## Material supplied
↓

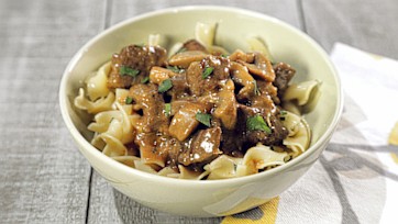 BEEF STROGANOFF WITH BUTTERED NOODLES
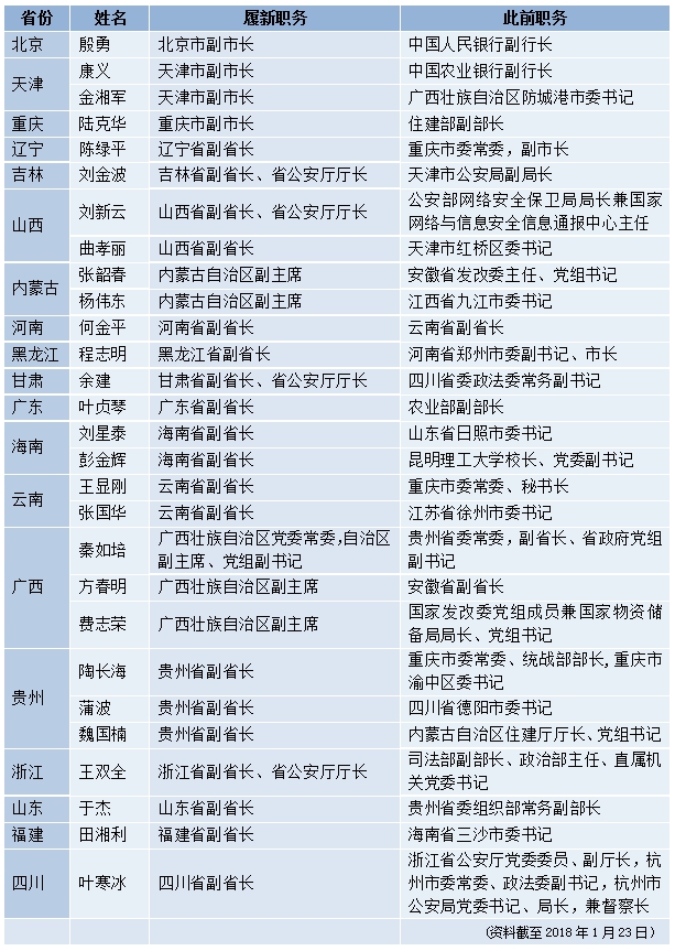 新华网北京1月24日电(记者陈淑君 李志强)2018年省级地方两会大幕开启,多地党政领导班子近日迎来密集调整。1月19日到23日,重庆、广西、甘肃等地省级党委常委班子成员陆续调整,北京、天津、内蒙古、辽宁等十九省区市28位省级政府副职履新。
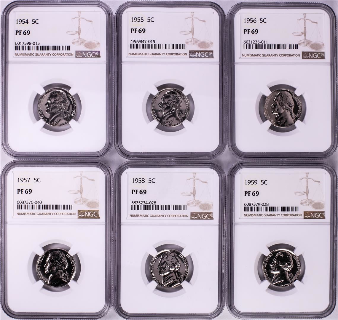 One Lot of 1954-1959 Proof Jefferson Nickel Coins NGC PF69. NGC Certified.
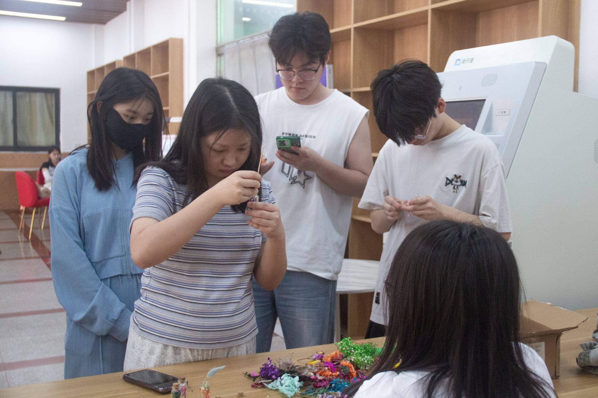 活動現(xiàn)場,長桌上整齊陳列著波點貼、木塞玻璃瓶與繪畫紙筆,一場別開生面的 “心靈收納” 之旅悄然開啟。學生們將干花與書寫情緒狀態(tài)的紙條封存于玻璃瓶,在折疊文字與擺放花束的過程中釋放壓力情緒。2024 級中國語言文學類專業(yè)(1)班唐欣分享道:“當壓抑的情緒隨著干花被封存進透明容器,仿佛看到那些隱秘的心事正在陽光下慢慢舒展。這種充滿儀式感的表達,讓我學會理性與情緒對話。”
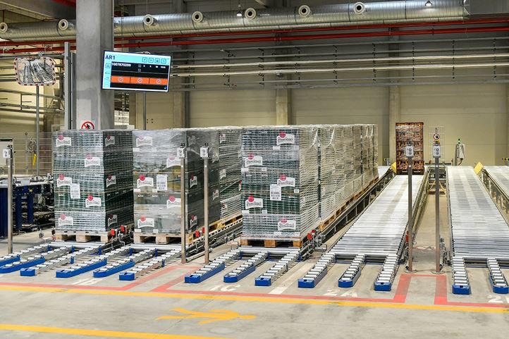 Zboží ze stáčecí linky přepravuje automatický paletový pojízdný systém čítající 28 vozíků, tzv. gondol, které se pohybují po kolejích v celkové délce přes půl kilometru. Lahve a plechovky si přímo ve skladu převezmou automatické jeřábové zakladače. Unikátní samonosný regálový systém uskladní až 16 000 palet, tedy přibližně 18 000 000 piv.
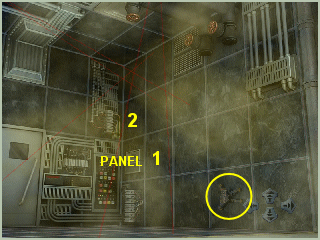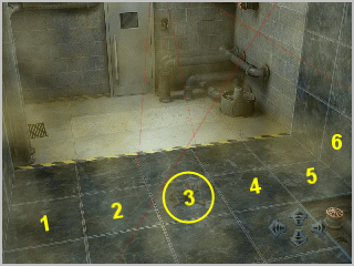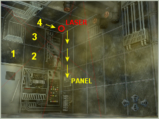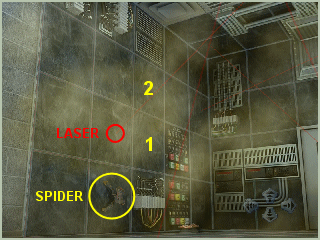 The main security panel can only be accessed from tiles 1 or 2. Again, study the laser movement and note the activity over tile 1 and the one directly above it. The laser movement over these tiles is far too rapid to allow you to get a spider across them. This means that the only route to the main panel is to approach tile 2 from the tile above it. You therefore have to use the opposite wall to get the spider to a position above tile 2. Also, note that the tile above the door is 'neutral' - this comes in handy later.
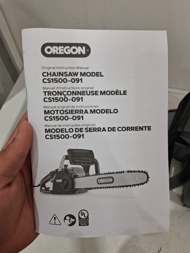please note that the item has dust on the handle and some wood powder on the chain, indicating light previous use (see photos). tested for power.
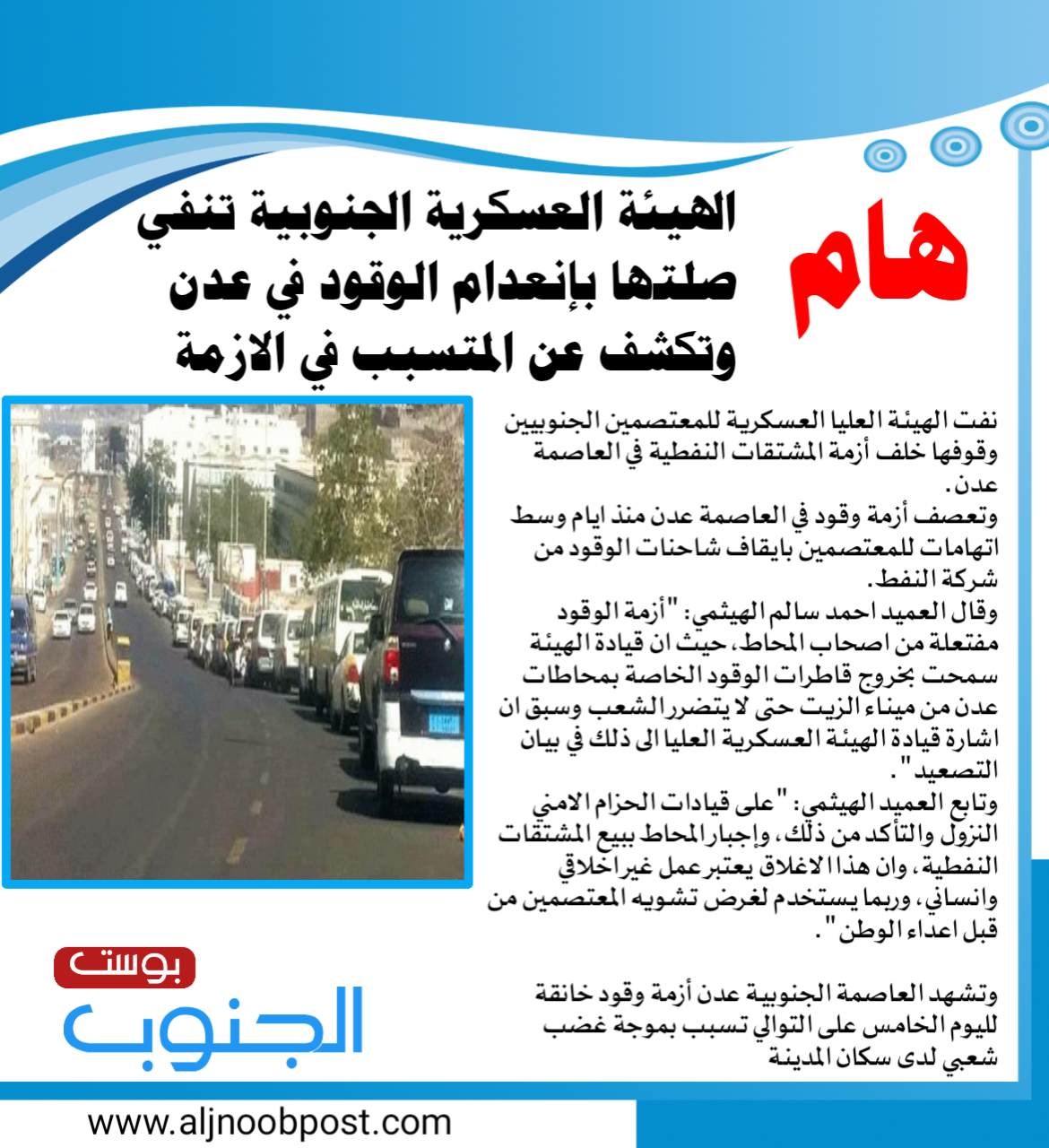 الهيئة العسكرية الجنوبية تنفي صلتها بأزمة الوقود بعدن و تتهم ملاك المحاط بافتعالها
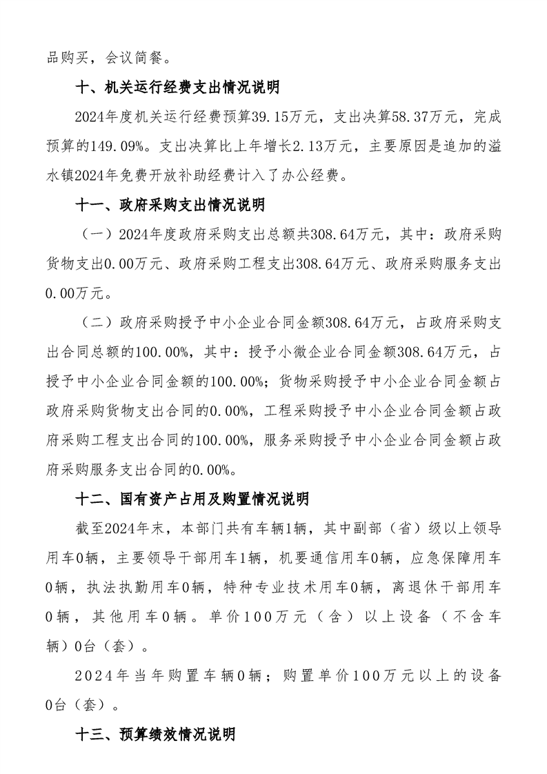 | 内容概述 | 洋县溢水镇人民政府2024年度部门决算 | ||||
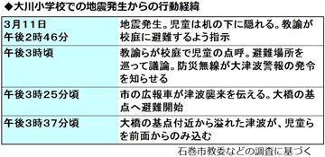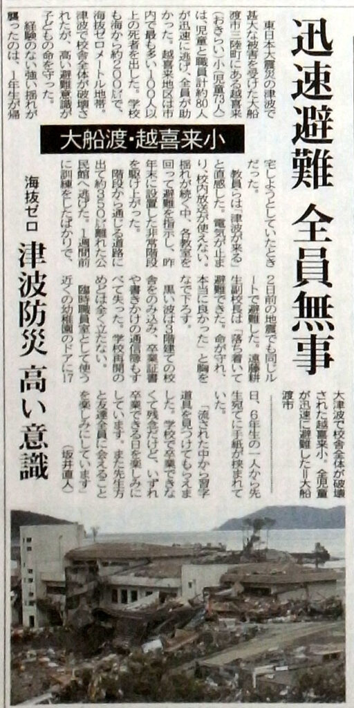 一方で児童ら70人の犠牲者を出した大川小学校では、避難先をめぐって40分間教諭らが議論を交わしていたことが明暗を分けた結果です。

↑

## Work to be completed
Please retype every record exactly, leaving the pictures out.

## Exercise answer
 BEEF STROGANOFF WITH BUTTERED NOODLES
 新华网北京1月24日电(记者陈淑君 李志强)2018年省级地方两会大幕开启,多地党政领导班子近日迎来密集调整。1月19日到23日,重庆、广西、甘肃等地省级党委常委班子成员陆续调整,北京、天津、内蒙古、辽宁等十九省区市28位省级政府副职履新。
 One Lot of 1954-1959 Proof Jefferson Nickel Coins NGC PF69. NGC Certified.
 活動現(xiàn)場,長桌上整齊陳列著波點貼、木塞玻璃瓶與繪畫紙筆,一場別開生面的 “心靈收納” 之旅悄然開啟。學生們將干花與書寫情緒狀態(tài)的紙條封存于玻璃瓶,在折疊文字與擺放花束的過程中釋放壓力情緒。2024 級中國語言文學類專業(yè)(1)班唐欣分享道:“當壓抑的情緒隨著干花被封存進透明容器,仿佛看到那些隱秘的心事正在陽光下慢慢舒展。這種充滿儀式感的表達,讓我學會理性與情緒對話。”
 Zboží ze stáčecí linky přepravuje automatický paletový pojízdný systém čítající 28 vozíků, tzv. gondol, které se pohybují po kolejích v celkové délce přes půl kilometru. Lahve a plechovky si přímo ve skladu převezmou automatické jeřábové zakladače. Unikátní samonosný regálový systém uskladní až 16 000 palet, tedy přibližně 18 000 000 piv.
 The main security panel can only be accessed from tiles 1 or 2. Again, study the laser movement and note the activity over tile 1 and the one directly above it. The laser movement over these tiles is far too rapid to allow you to get a spider across them. This means that the only route to the main panel is to approach tile 2 from the tile above it. You therefore have to use the opposite wall to get the spider to a position above tile 2. Also, note that the tile above the door is 'neutral' - this comes in handy later.
please note that the item has dust on the handle and some wood powder on the chain, indicating light previous use (see photos). tested for power.
 الهيئة العسكرية الجنوبية تنفي صلتها بأزمة الوقود بعدن و تتهم ملاك المحاط بافتعالها
 | 内容概述 | 洋县溢水镇人民政府2024年度部门决算 | ||||
 一方で児童ら70人の犠牲者を出した大川小学校では、避難先をめぐって40分間教諭らが議論を交わしていたことが明暗を分けた結果です。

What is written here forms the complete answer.